-
Notifications
You must be signed in to change notification settings - Fork 8.3k
Cache For Filters #67768
Description
Basic Idea
Let's suppose a query has a highly selective WHERE condition, but it does not benefit from the index. Subsequent queries use the same condition.
Let's remember the ranges in data parts where that condition was satisfied and not, in the form of the ephemeral index in memory. Subsequent queries will use this index.
Implementation Proposal
Add ChunkInfo with the information about the table, data part, and marks range, where this chunk came from.
This is applicable only for MergeTree tables but will also naturally work for Merge tables. It only works for Atomic and Replicated databases (databases that have table UUIDs).

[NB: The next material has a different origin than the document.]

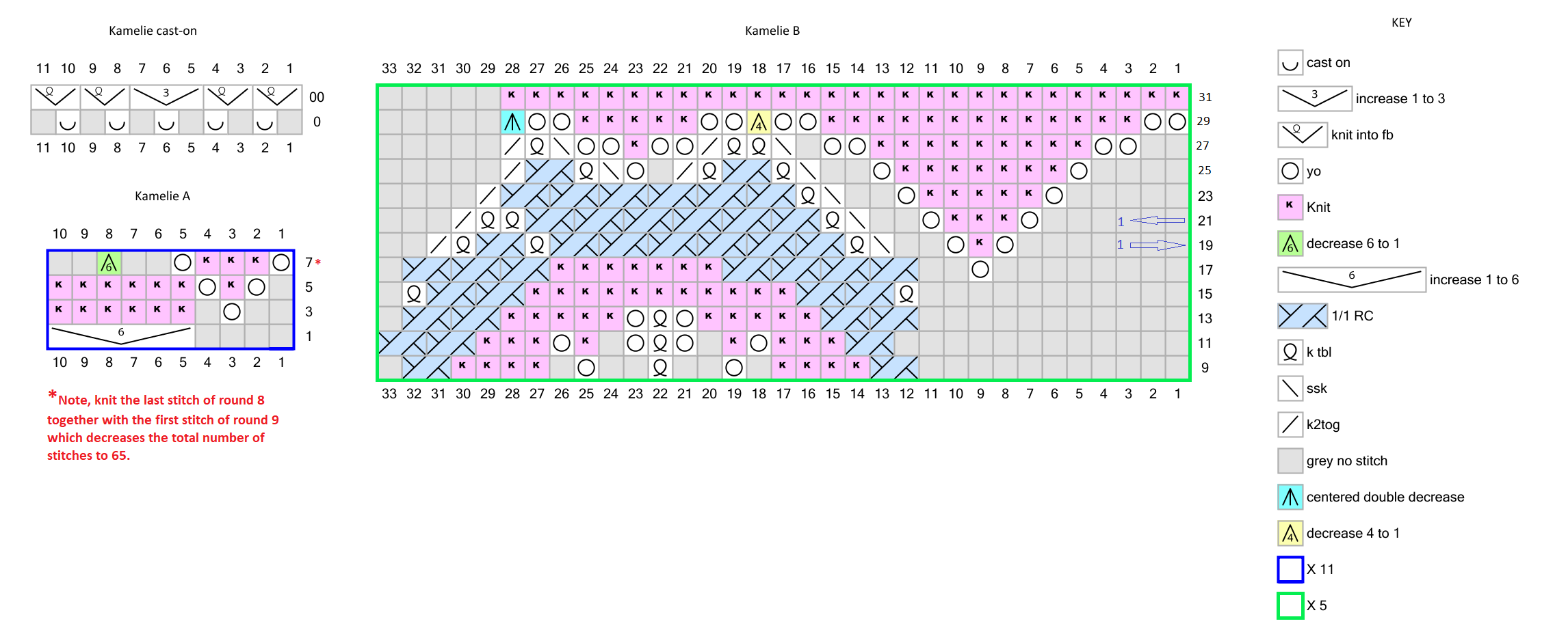 Instructions: Cast on five stitches and join into a round. In the next round increase the 5 stitches to a total of 11 stitches, as shown in the "cast on chart." Then follow chart A, repeating the pattern 11 times per round. Knit the last stitch of round 8 together with the first stitch of round 9, which moves the start of the round one stitch left, and makes a total of 65 stitches.

Maintain an index data structure in memory in the form of
table -> data part -> marks range -> condition -> 0 or 1
When calculating a WHERE or PREWHERE condition, check if it is deterministic, look at the chunk info, and update the cache.
When running a query, use the cache around MergeTreeDataSelectExecutor.
Add settings to control cache usage on query analysis and cache update on processing.
Add a SYSTEM command to flush this cache.
Add a server setting to control the maximum size of this cache in the number of cells.
The cache is shared between users, and we don't mind side-channel information leakage (about whether another user has run a similar query recently).
Additional Context
It could work for external data, like S3 table functions, if we learn to use etag.